Investors looking to beat the market could do worse than following the example of Daniel Loeb. The billionaire is the money manager for Third Point, the hedge fund he founded nearly thirty years ago. During that time, he turned $3.4 billion in seed money into a financial powerhouse with nearly $12 billion in assets under management.
Loeb has been called “one of the most successful hedge fund managers of his generation” by The Wall Street Journal, generating average annualized returns of 16% over the span of 28 years, beating the returns of the S&P 500 by nearly 6%.
The billionaire investor has long stressed investing in “high-quality companies trading at reasonable valuations” but doesn’t lose sight of “their prospective growth.”
With that as a backdrop, let’s look at two stocks Loeb bought in the second quarter.
1. Apple
Third Point’s largest new position during the second quarter, by a fair margin, was Apple (NASDAQ: AAPL). Loeb bought 1.95 million shares of Apple worth roughly $411 million and representing nearly 5% of Third Point’s portfolio, making it his seventh largest stake.
Loeb addressed the acquisition at length in Third Point’s shareholder letter, noting he purchased Apple shares in April. A quick look at the stock chart reveals that the stock was selling for 26 times earnings, a discount to a multiple of 27 for the S&P 500 at the time. Indeed, Loeb noted Apple’s “relative multiple had compressed toward a multi-year low,” thanks in part to “several years of stagnant growth.”
The compelling valuation aside, Loeb cited several factors that made Apple an intriguing pick, including the company’s ecosystem of 2.2 billion active devices and market-leading positions in several form factors across numerous key markets.

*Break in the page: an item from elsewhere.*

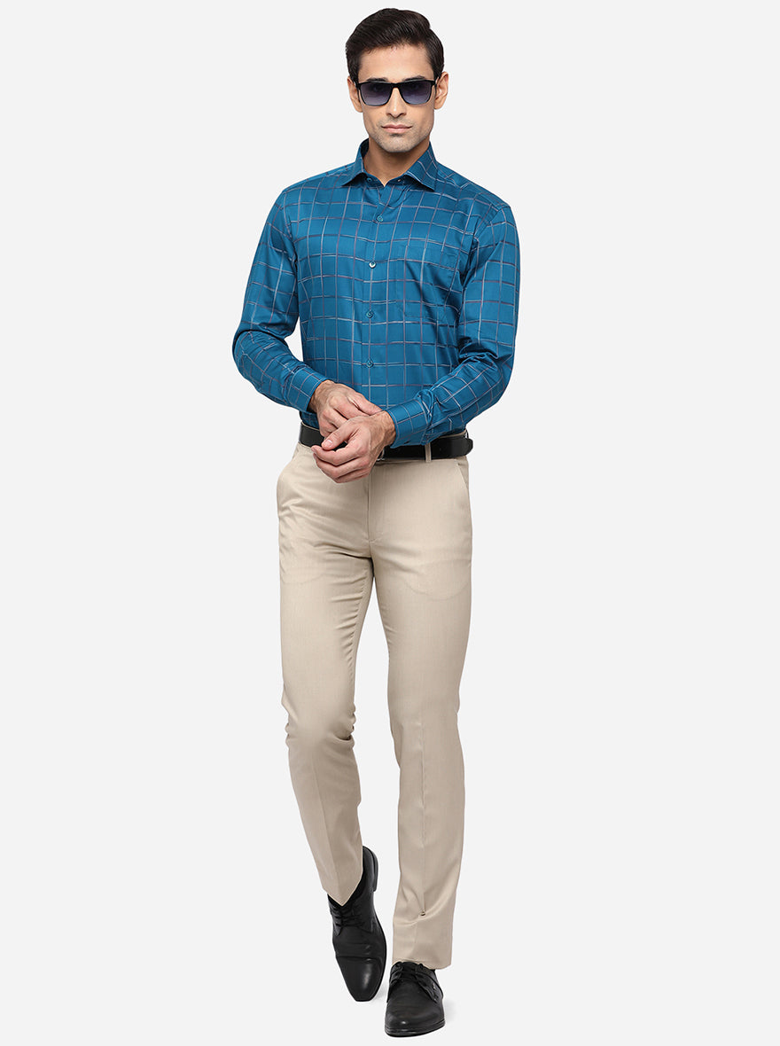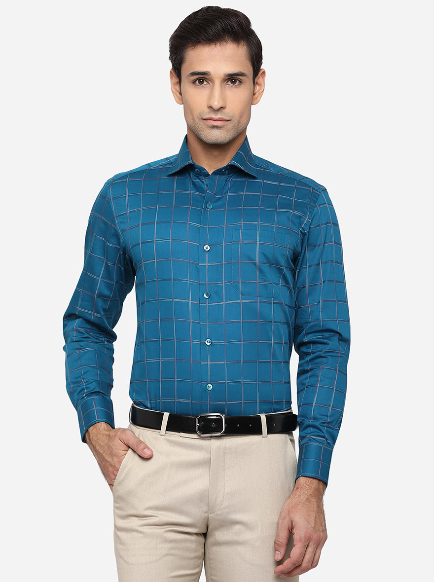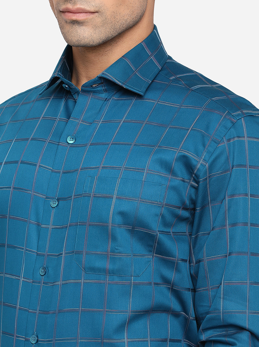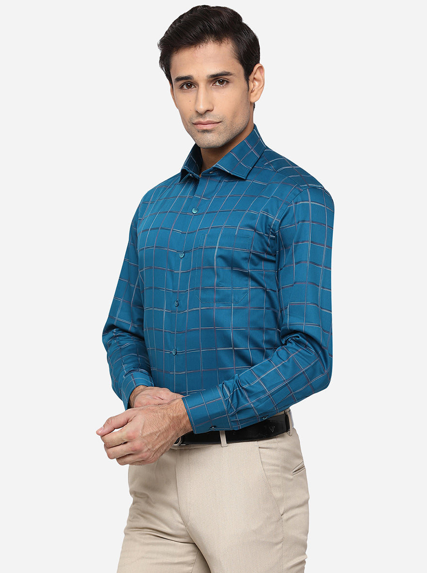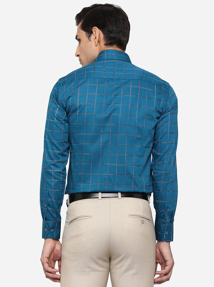 Blue & Green Checked Slim Fit Formal Shirt | Metal

He also noted investor fears that Apple would be an “artificial intelligence (AI) loser,” but the billionaire came to a different conclusion. Loeb believes the imminent release of Apple Intelligence — a host of user features steeped in generative AI — will drive “meaningful demand within Apple’s installed base.” He went on to posit this “AI-related demand could drive a step change in improvement in Apple’s revenue and earnings over the next few years.”

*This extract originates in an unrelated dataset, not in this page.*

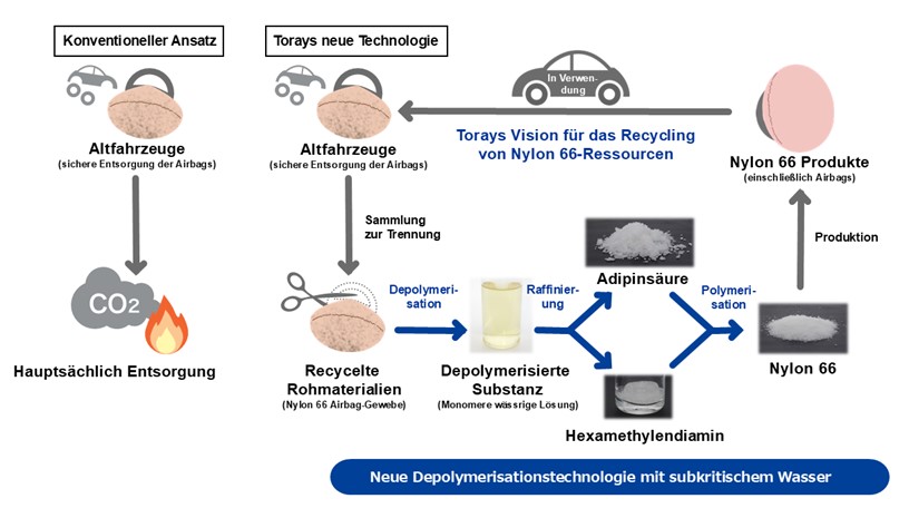 Nylon 66 ist aufgrund seiner hohen Wärmebeständigkeit und mechanischen Festigkeit ein unverzichtbares Material in der Automobil- und Industrieproduktion. Weltweit liegt der jährliche Bedarf bei rund 1,3 Millionen Tonnen, davon entfallen etwa 100.000 Tonnen auf Japan. Einsatzgebiete sind unter anderem Airbags, Reifencordstoffe sowie technische Kunststoffbauteile wie Kühlerbehälter oder Zylinderkopfhauben. Infolge verschärfter gesetzlicher Vorgaben zur Kunststoffverwertung, insbesondere im Automobilsektor, gewinnt das Recycling von Nylon 66 zunehmend an Bedeutung. So müssen in Japan beispielsweise ausgediente Airbags aus Nylon 66 inzwischen verpflichtend gesammelt werden – ein wichtiger Ansatzpunkt für das chemische Recycling.

I think Loeb’s thesis is right on the mark. Apple’s revenue is up less than 1% for the first nine months of its 2024 fiscal year after falling 3% in fiscal 2023, thanks to weak iPhone sales. However, inflation fell to 2.9% in July, marking its lowest rate in three years. Improving prices will give consumers more discretionary income. Furthermore, Apple announced the date for its annual iPhone reveal, scheduled for Sept. 9, when the company is expected to provide details for an AI-powered iPhone. This will no doubt spark demand among the Apple faithful, fueling a booming upgrade cycle for the iPhone 16.
2. Taiwan Semiconductor Manufacturing
Third Point significantly increased its stake in Taiwan Semiconductor Manufacturing (NYSE: TSM), often referred to as TSMC, during the second quarter. Loeb bought an additional 850,000 shares of TSMC, increasing his total holdings to 2 million shares worth roughly $352 million and representing 4% of Third Point’s portfolio, making it his 10th largest position.
Loeb has been consistently increasing Third Point’s stake in TSMC since initiating the position in May of 2023. He noted the company is coming off its “worst year since the Global Financial Crisis,” making it a compelling opportunity. Loeb believes the combination of cyclical recovery and strong demand for AI will drive “substantial earnings growth for the company.”
TSMC occupies a unique position in the industry, according to Loeb, with a market share of more than 90% for “leading-edge semiconductor manufacturing,” which includes the chips used for AI. While AI currently represents a “relatively small percentage” of TSMC’s sales, he sees TSMC’s “AI revenue growing by multiples in the coming years.”
I think Loeb has hit the nail on the head. TSMC’s dominant market share of high-end processors makes it an odds-on favorite to benefit from these secular tailwinds. Furthermore, after suffering declines of more than 3% last year, the smartphone market has rebounded in 2024, expected to notch growth of nearly 6%, accoring to data supplied by market intelligence firm IDC. As one of the leading providers of smartphone chips, this return to growth will also boost TSMC’s results.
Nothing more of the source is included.